The Isle of Bouin or Boing (Île de Bouin /fr/) no longer actually exists as it has silted up. It was part of a vast area of marsh located around Bouin, separated from the mainland by the course of the River Dain. The creation of a dyke protecting the Breton Marsh from storm surges resulted in a reclamation of the island that increased the land area inland of the Bay of Bourgneuf.

== History ==
The Isle of Bouin was pillaged and razed by the Vikings in 813 and by the French in 1471 (the town was Breton at the time) during the wars between Brittany and France.

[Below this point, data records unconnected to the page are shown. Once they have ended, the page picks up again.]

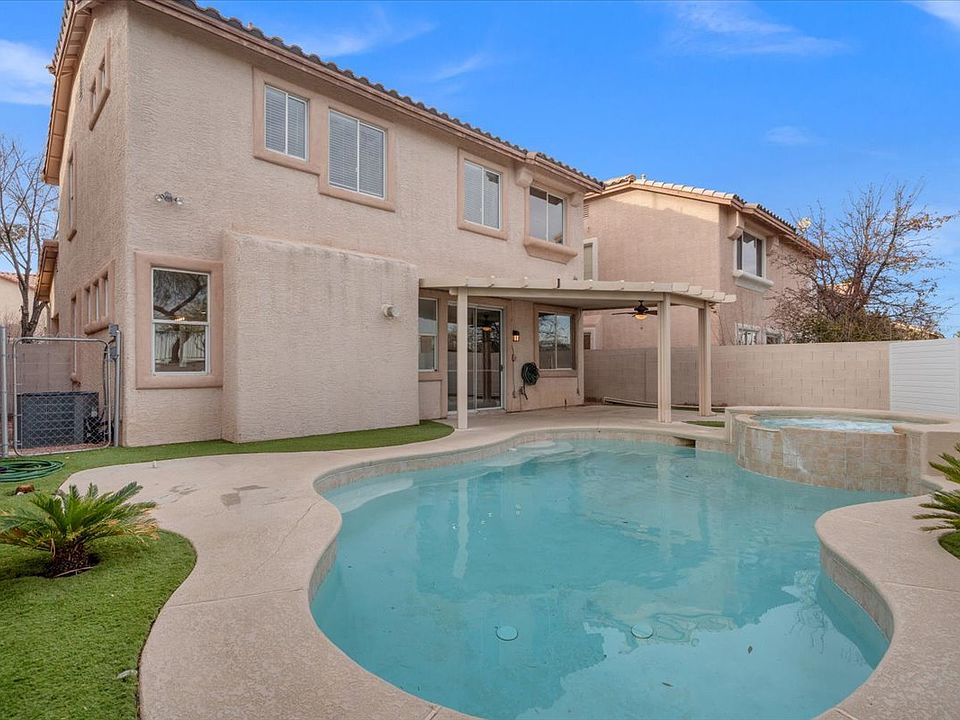 Modern and upgraded 4-bedroom home in Summerlin with beautiful strip views, a private pool, and a spa perfect for entertaining or cooling off on hot days. The open-concept layout features tiled floors, recessed lighting, and a stunning stone fireplace. The sleek kitchen boasts grey shaker cabinets, stainless steel appliances, and a quartz island, overlooking the backyard. The first level also includes a laundry room, half bath, and direct garage access for convenience. Upstairs, all four bedrooms feature laminate flooring and ceiling fans. The spacious primary suite offers a walk-in closet and an ensuite bath with a dual-sink vanity. Located in a desirable Summerlin neighborhood, this home is close to parks, shopping, dining, and top-rated schools. Application fee is $39 per person. Lease duration to be 1 or 1+ years. No smoking. Pets are allowed. Please submit GLVAR application with credit report, proof of income, and proof of funds. Rent includes: landscaping, pool maintenance, HOA Tenant to pay for: Electric, gas, water and cable/internet. Brokers agent(s) do not represent or guarantee accuracy of the square footage, bedrooms/bathroom count, lot size, or lot dimension, fees or other information concerning the conditions and features of the property. Tenant is advised to independently verify all information with appropriate professionals.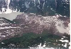 Because volcanic activity in Western and Northern Canada was contemporaneous with the ebb and flow of past glaciations, other volcanoes display ice-contact features. Mount Garibaldi in southwestern British Columbia is the only major volcano in North America known to have formed upon a regional ice sheet during the last glacial period, which began 110,000 years ago and ended between 10,000 and 15,000 years ago.[17] Hoodoo Mountain in northern British Columbia was contained within basins thawed in the ice and assumed the flat-topped, steep-sided form of a tuya.[18] Pyramid Mountain, in the Shuswap Highland of east-central British Columbia, was formed under more than 1,000 metres (3,300 ft) of glacial ice to assume the form of a subglacial mound.[19] The Fort Selkirk Volcanic Field in central Yukon contains volcanic features that were erupted subglacially when the large Cordilleran Ice Sheet existed in this area between 0.8 and one million years ago.[20] |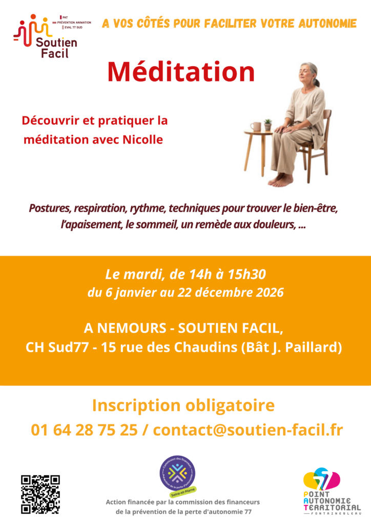 Des moments conviviaux à la découverte de la méditation et ses bienfaits, tous les mardis de 14h à 15h30 dans nos bureaux de Nemours.

During the Vendée Wars, the island was renamed "Ile Marat" by the revolutionaries in homage to Jean-Paul Marat, assassinated on 13 July 1793.
In the 14th century, the island benefited from island franchises, favourable to the development of contraband. In the 17th century, as on the Île d'Yeu, the islanders grew their own tobacco plants. This clandestine trade became so flourishing that they had to engage in massive importation. Companies trading in fake snuffboxes, involving all layers of island society, were created to regulate the traffic. The boats sailed in flotillas to the north to bring back "good" tobacco, then stored in warehouses.

Before 1789, Bouin was part of the Bishopric of Nantes. Politically, it belonged to the Marche de Bretagne, therefore came under both Poitou and Brittany. In 1789, its representatives asked, in vain, that it be attached to the department of Loire-Inferior, with Nantes as its capital.

The place is cited as the southern limit of Brittany in the 1843 edition of the Historical and geographical dictionary of Brittany.